To get the exposure right, I slowly pushed the scene brighter until the small blob of highlights in my histogram (the moon) hit the right side, then gave it one more stop of light (so the moon looked completely blown in the preview), knowing (fingers crossed) I could recover them later. I was slightly apprehensive because I still hadn’t processed any images from my new Sony a7RIV, but I was confident that it would have at least as much dynamic range as as my a7RIII, and just approached the exposure the same. All’s well that ends well—phew.
In a workshop my own photography isn’t a priority, so I didn’t get a lot of opportunity to play with my new toys on that trip. But my sense is that I’m going to love this new lens. Though its size means the 200-600 probably won’t replace my Sony 100-400 GM lens (which I love, BTW) as a full-time passenger in my camera bag, it will almost certainly be my default “big moon” lens. And my preliminary feelings are that the dynamic range of the a7RIV is indeed at least as good as the a7RIII (which is pretty incredible too).
Helping my workshop group with this crescent moon shoot got me thinking about metering, and how important it is to have it down cold. I’ve written a document on metering that I provide to all my groups to help them get up to speed before each workshop, but I’ve actually changed the way I meter in the few years since I wrote it. The old approach isn’t invalid (in fact, I think any serious photographer should be able to meter the old fashioned way), but I do think live-view histograms have made it a lot easier. So this week I rewrote my document and am sharing it below. (Please forgive any typos—it’s a work in progress.)
Cameras seem to be getting “smarter” every year. So smart, in fact, that for most scenes, duplicating a two-dimensional version of what your eyes see is a simple matter of pointing your camera and clicking the shutter button. That’s fine if all you care about is recording a memory, but not only is there more to photography than approximating “reality,” there are many creative reasons to override the camera’s choices.
For the creative control that elevates your images above the billions of clicks being cranked out every day, giving your camera the control of photography’s most important decisions ignores an undeniable truth…
Sorry—mine is too. And while I can easily cite many examples, right now it’s just important to understand that your camera thinks the entire world is a middle tone. Regardless of what its meter “sees,” without intervention your camera will do everything in its power to make your picture a middle tone. Sunlit snowman? Lump of coal at the bottom of your Christmas stocking? It doesn’t matter—if you let your camera decide the exposure, your subject will turn out gray.
Modern technology offers faux-intelligence to help overcome this limitation. Usually called something like “matrix” or “evaluative” metering, this solution compares your scene to a large but finite internal database of choices, returning a metering decision based on the closest match. This works pretty well for conventional “tourist” snaps, but often struggles in the warm or dramatic light artistic photographers prefer—and it knows nothing of creativity. If you want to capture more than documentary “I was here” pictures, you really do need to take full control of your camera’s metering and exposure. Fortunately, this isn’t nearly as difficult as most people fear (or as it once was).

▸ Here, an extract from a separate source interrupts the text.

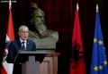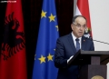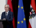 The President of the Federal Republic of Austria, Alexander Van Der Bellen speaking during a joint conference with the President of the Republic of Albania, Bajram Begaj in the premises of the Presidency. The two presidents spoke about the Ohrid agreement between Kosovo and Serbia, as well as bilateral relations between Albania and Austria.
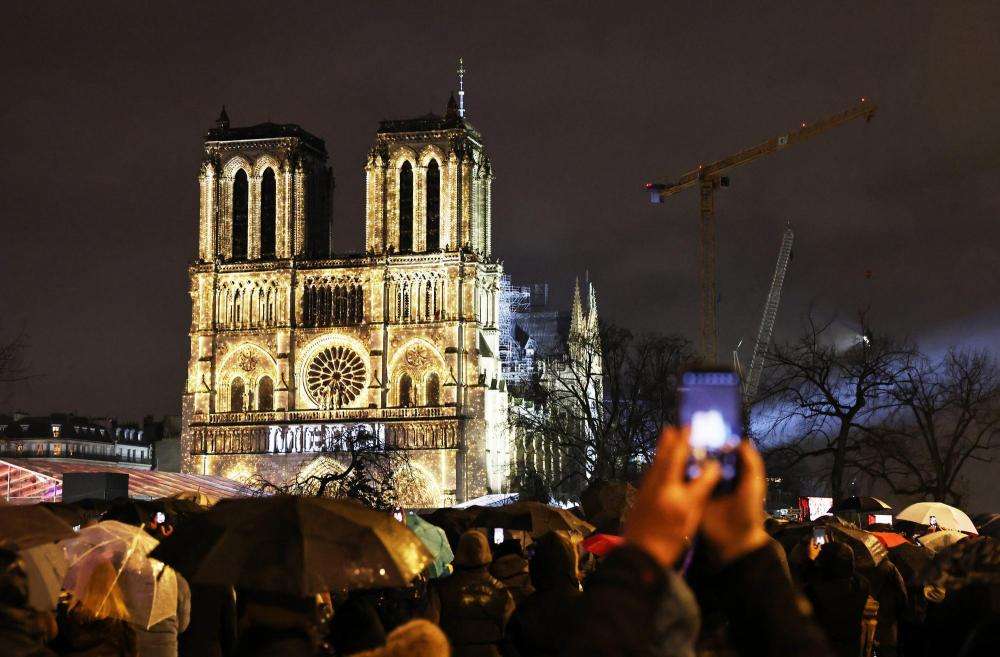 2024年12月7日,人们冒雨在法国巴黎圣母院外参加庆祝仪式,灯光在外墙上打出法语“谢谢”字样。(图片来源:新华社)

The amount of light captured for any given scene varies with the camera’s shutter speed, f-stop, and ISO settings. Photographers measure captured light in “stops,” much as a cook uses a cup (of sugar or flour or chocolate chips or whatever) to measure ingredients in a recipe. Adding or subtracting “stops” of light by increasing or decreasing the shutter speed, f-stop, or ISO makes an image brighter or darker.
The simple beauty of metering is that a stop of light is a stop of light is a stop of light—it’s always the same amount of light, whether you change it with the:
- Aperture: The opening light passes through when the shutter opens, measured in f-stops (though aperture and f-stop are almost always used interchangeably, aperture is the actual opening, while f-stop is the ratio of the focal length to the aperture size we use to measure the amount of light that reaches the sensor). Since f-stop is a ratio, the higher the number, the smaller the aperture. Doubling the f-stop number decreases the light by two stops; halving the f-stop number increases the light by two stops. To memorize f-stops in one-stop increments, I keep track of two overlapping f-stop series, one starting at f/1, the other at f/1.4. Doubling then interleaving the results returns one-stop f-stop increments: f/1, f/1.4, f/2, f/2.8, f/4, f/5.6, f/8, f/11, f/16/, f/22, and so on.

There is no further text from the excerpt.